Nice, how are you going to work boobs and bum into it though?


----------



## d1nky (Jul 13, 2013)

tigger said:


> Nice, how are you going to work boobs and bum into it though?



HDD is full of ya know what.......


----------



## LaMokona (Jul 13, 2013)

tigger said:


> Nice, how are you going to work boobs and bum into it though?


I was thinking of just posing next to the finished product.


d1nky said:


> HDD is full of ya know what.......


Tis is true too though.


----------



## de.das.dude (Jul 14, 2013)

d1nky said:


> HDD is full of ya know what.......



lara croft rule34D??  linkzz plzzz.


----------



## shovenose (Jul 14, 2013)

Make sure you stress test that GPU before painting it - those XFX Double D cards (lol at the name) have some issues keeping cool.


----------



## LaMokona (Jul 14, 2013)

shovenose said:


> Make sure you stress test that GPU before painting it - those XFX Double D cards (lol at the name) have some issues keeping cool.



I decided not to paint the red bar that came with the card. Looked to nice.





I'm not done with this piece yet. Still needs a bit of filing.
I'll still keep and eye on the temps when I get it up and running. Thanks for the info.


----------



## d1nky (Jul 14, 2013)

heres some inspiration, well i was awe inspired by this

http://forums.bit-tech.net/showthread.php?t=220813&page=17


----------



## LaMokona (Jul 14, 2013)

d1nky said:


> heres some inspiration, well i was awe inspired by this
> 
> http://forums.bit-tech.net/showthread.php?t=220813&page=17



That's pretty sweet. I saw the finished product of this but couldn't find the log. Thanks. Don't think I'll bring something like that. Started with mods about a year ago, this is probably the biggest one I've done.


----------



## LaMokona (Jul 15, 2013)

So looked like it was going to rain all day today. Finally did during the evening. Got a little bit done, didn’t want to get into much with the chance of rain.

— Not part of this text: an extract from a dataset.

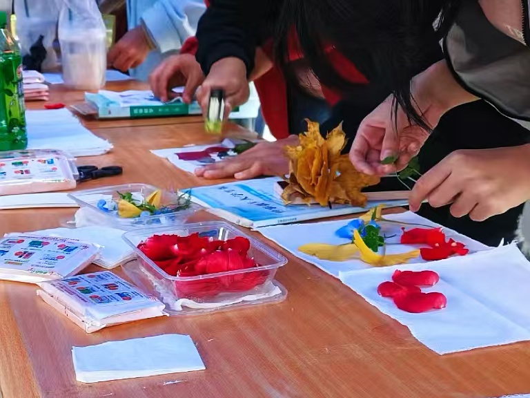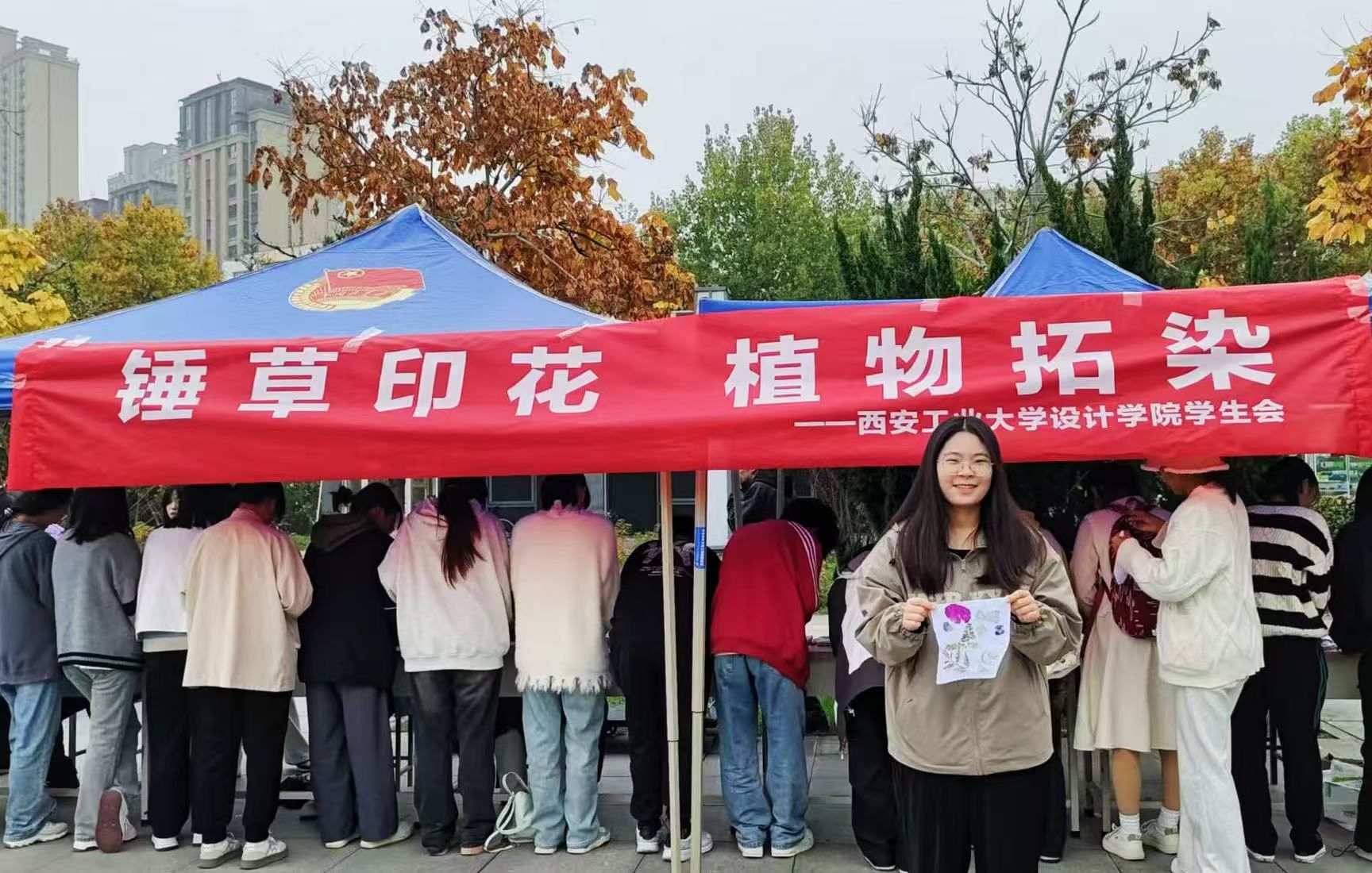 活动现场,工作人员为同学们介绍了植物拓染这一古老非遗技艺的历史背景、制作工艺以及注意事项,并为其准备了白色棉布手帕、橡胶锤、透明胶带、手套等必备工具。同学们敲打着植物,让植物的汁液渗透到手帕中,让西工的秋色在手中驻留。随着一幅幅别具一格的作品呈现在大家面前,参与活动的同学们纷纷表示,此次活动不仅让他们亲近自然,更体验到了传统非遗技艺的魅力。

Got the removable hard drive cage done.





Also got the top panel done.










That’s it for today. Will be a slow week for updates as I will be out of town for two (maybe three) days. 
Thank you all for viewing


----------



## ne6togadno (Jul 15, 2013)

sub
very nice start. looking forward for end result.


----------



## LaMokona (Jul 16, 2013)

ne6togadno said:


> sub
> very nice start. looking forward for end result.


Thank you 

Power went out in my neighborhood today and it took them a long while to fix it.
Weather has been crazy here in Texas.




One minutes the sun is blasting and it's 39c out, the next it's pouring rain out.

Since power was out, decided to start putting the case back together. Just one picture of the build today 





The right side panel isn't done yet. Probably won't be done until the end of the week if this rain keeps up.
Will update as soon as I can


----------



## Irony (Jul 16, 2013)

That's looking awesome man. Can't wait to see it finished, it's gonna be good






d1nky said:


> subbed!
> 
> how easy it to use paracord for sleeving and get the ends to stay tidy?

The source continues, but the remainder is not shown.